How to cope with a bipolar market

'Today's dizzying and daunting market volatility is driven by astonishingly short-term investor thinking. Over the course of 2011, the S&P 500 Index fluctuated 2 per cent or more on 35 days (based on closing prices) only to end up almost exactly where it started." - Seth Klarman, recent Baupost Group investor letter.

'Today's dizzying and daunting market volatility is driven by astonishingly short-term investor thinking. Over the course of 2011, the S&P 500 Index fluctuated 2 per cent or more on 35 days (based on closing prices) only to end up almost exactly where it started." - Seth Klarman, recent Baupost Group investor letter.

Mr Market's bipolar moods have never been more obvious. On some days, the fear of the problems of excessive leverage is palpable.

Then governments and their agencies step in, usually with more liquidity, and the rally starts, only for fear to resume on the next round of bad news, of which there is plenty (and plenty more to come).

Investing legend Jeremy Grantham, in what he titles Investing Advice from Your Uncle Polonius, the first part of GMO's latest quarterly letter, has some valuable strategies to deal with and profit from such an environment.

Needless to say, they are easy to understand but difficult to practise, although don't let that detract from their value.

1. Believe in history

First, Grantham says that Santayana is right and history does repeat itself: "The market is gloriously inefficient and wanders far from fair price but eventually, after breaking your heart and your patience (and, for professionals, those of their clients, too), it will go back to fair value. Your task is to survive until that happens."

2. Neither a lender nor a borrower be

"If you borrow to invest, it will interfere with your survivability. Unleveraged portfolios cannot be stopped out, leveraged portfolios can. Leverage reduces the investor's critical asset: patience."

3. Don't put all your treasure in one boat

This one's obvious, really, although I'm continually amazed by how many so-called experienced investors have a portfolio top-heavy with speculative resource stocks. Even the big banks should not form more than about 10 per cent of the average portfolio.

4. Be patient and focus on the long term

In investing, this advice is so common as to be a cliche. What it really means is following the basic rules and "outlasting the bad news". Successful investors stay stronger for longer.

5. Recognise your advantage over the professionals

Investing probably isn't your chosen career. You don't have a job to protect, which means outlasting the bad news is easier than it is for the pros. It also means you don't have to act if you don't want to. Professionals, with their focus on short-term performance and need to act because that's what they're paid for, are handicapped.

For example, I have a relatively large position in QBE. I'm very happy with it. But as research director of Intelligent Investor, I have fellow professionals assailing me with their opinions, members selling out (and telling me I'm crazy) and media headlines proclaiming the end of capitalism.

Professionally, it's more difficult for me to stand my ground but the time to panic was when the share price was $36, not $12. Personally, it's easy. The only person I have to justify my decision to is myself.

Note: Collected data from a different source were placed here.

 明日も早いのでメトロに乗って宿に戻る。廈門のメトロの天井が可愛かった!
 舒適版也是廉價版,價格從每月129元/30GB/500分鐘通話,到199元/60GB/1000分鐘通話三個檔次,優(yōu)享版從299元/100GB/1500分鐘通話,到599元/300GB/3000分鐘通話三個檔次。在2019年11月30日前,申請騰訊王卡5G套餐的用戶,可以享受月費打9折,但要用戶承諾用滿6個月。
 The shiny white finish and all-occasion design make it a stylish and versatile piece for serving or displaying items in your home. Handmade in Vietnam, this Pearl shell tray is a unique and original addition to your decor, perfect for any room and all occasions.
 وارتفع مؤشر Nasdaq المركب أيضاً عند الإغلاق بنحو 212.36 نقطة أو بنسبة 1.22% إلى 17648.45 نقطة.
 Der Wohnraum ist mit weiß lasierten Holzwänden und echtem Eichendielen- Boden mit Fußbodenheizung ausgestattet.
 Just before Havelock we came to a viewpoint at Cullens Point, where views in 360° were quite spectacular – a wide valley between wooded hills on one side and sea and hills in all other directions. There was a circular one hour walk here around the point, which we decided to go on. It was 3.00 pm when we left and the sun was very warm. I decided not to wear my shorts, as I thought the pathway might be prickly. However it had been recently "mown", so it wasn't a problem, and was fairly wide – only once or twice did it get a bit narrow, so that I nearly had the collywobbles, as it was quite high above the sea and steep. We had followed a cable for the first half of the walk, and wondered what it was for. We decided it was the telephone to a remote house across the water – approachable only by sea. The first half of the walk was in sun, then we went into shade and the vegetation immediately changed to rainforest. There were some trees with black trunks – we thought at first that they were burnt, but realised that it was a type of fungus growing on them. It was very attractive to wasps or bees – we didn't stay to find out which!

6. Contain natural optimism

The media reported Grantham when he said: "Tell a European you think there's a housing bubble and you'll have a reasonable discussion. Tell an Australian and you'll have World War III." Optimism has served the species well but we struggle with uncomfortable truths. We must always remain open to doubt and accept the possibility of error.

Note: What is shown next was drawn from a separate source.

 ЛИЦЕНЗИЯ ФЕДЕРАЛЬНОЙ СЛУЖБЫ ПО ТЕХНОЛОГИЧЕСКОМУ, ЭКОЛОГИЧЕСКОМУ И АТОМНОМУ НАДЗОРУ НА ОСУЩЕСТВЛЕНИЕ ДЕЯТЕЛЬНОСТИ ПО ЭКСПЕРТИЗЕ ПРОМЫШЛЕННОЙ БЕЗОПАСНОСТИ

7. On rare occasions, try hard to be brave

In early August last year at the height of the panic, we upgraded QBE Insurance and Macquarie Bank to strong buys. As Grantham says, "If the numbers tell you it's a real outlier of a mispriced market, grit your teeth and go for it."

8. Resist the crowd: cherish numbers only

Crowd psychology is embedded deep within us but it's vital to resist the lure of short-term news and the actions of others. Trust not intuition or emotion, only data and the well-reasoned opinions that stem from it.

Grantham concludes by saying it's quite simple, showing a table that compares his 10-year forecasts of 2001 with actual performance.

Despite the tumult of the global financial crisis, in each case real returns exceeded the forecast, which, in Grantham's view, endorses his eight points. If ever there was a how-to list for dealing with tumultuous times, this is it.